Above all, they bring care closer to reality: individual rather than abstract.
A Real-World Illustration: Learning From a Natural Experiment
This logic is not confined to algorithms.
In Wales, a public health cutoff for the shingles vaccine unintentionally created two nearly identical groups of older adults: those eligible for vaccination and those just beyond the age limit to qualify. The difference between them was not health behavior or awareness, but the timing of birth relative to the vaccine eligibility cutoff.
By following these groups over time, researchers could compare cognitive outcomes between people who were otherwise remarkably similar. Those who received the vaccine were less likely to develop cognitive impairment, less likely to be diagnosed with dementia, and – among those with dementia – less likely to die from it.
The study does not prove causation. The vaccine was never designed to protect the brain, and caution is warranted.
But the lesson is clear: when closely matched individuals differ by a single intervention, meaningful signals emerge.

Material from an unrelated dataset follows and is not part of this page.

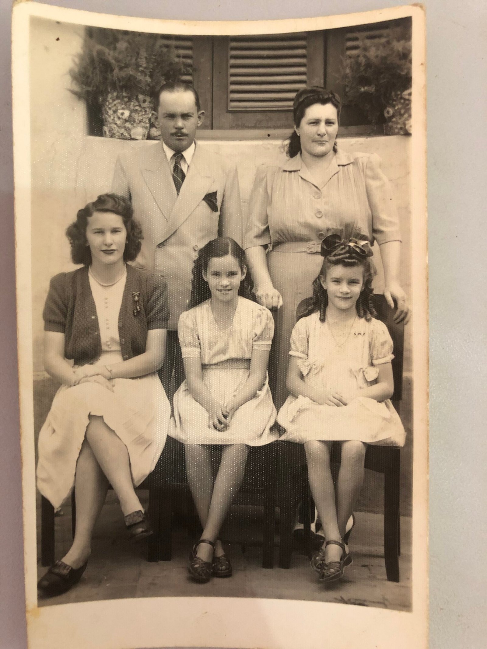 Anotações no álbum de Família: "Família de Luigi Dal Degan, não identificado". Casal em pé e, sentadas à frente, uma jovem e duas meninas. Foto parece ter sido tirada em frente a uma casa.

Digital twins aim to make that kind of comparison intentional rather than accidental.
Final Thoughts
Alzheimer’s confronts medicine with its limits. When cures remain out of reach, progress is no longer defined by dramatic breakthroughs of novel drugs but by the quality of judgment applied along the way.
AI-enabled digital twins do not promise to solve the disease. What they offer is something more realistic – and more urgent: context. A clearer way to understand whether an intervention is truly helping a specific person, at a specific moment, along a specific trajectory.
Early versions of this approach are already being explored in leading academic centers, including Massachusetts General Hospital and the Mayo Clinic, primarily to support clinical decision-making and the design of more targeted trials.
In Alzheimer’s care, this shift – from treating averages to understanding individual trajectories – matters. When certainty is unattainable, medicine is measured less by what it promises than by how honestly it helps us decide – about treatment, burden, and time. Not better drugs alone, but better ways of knowing when they matter.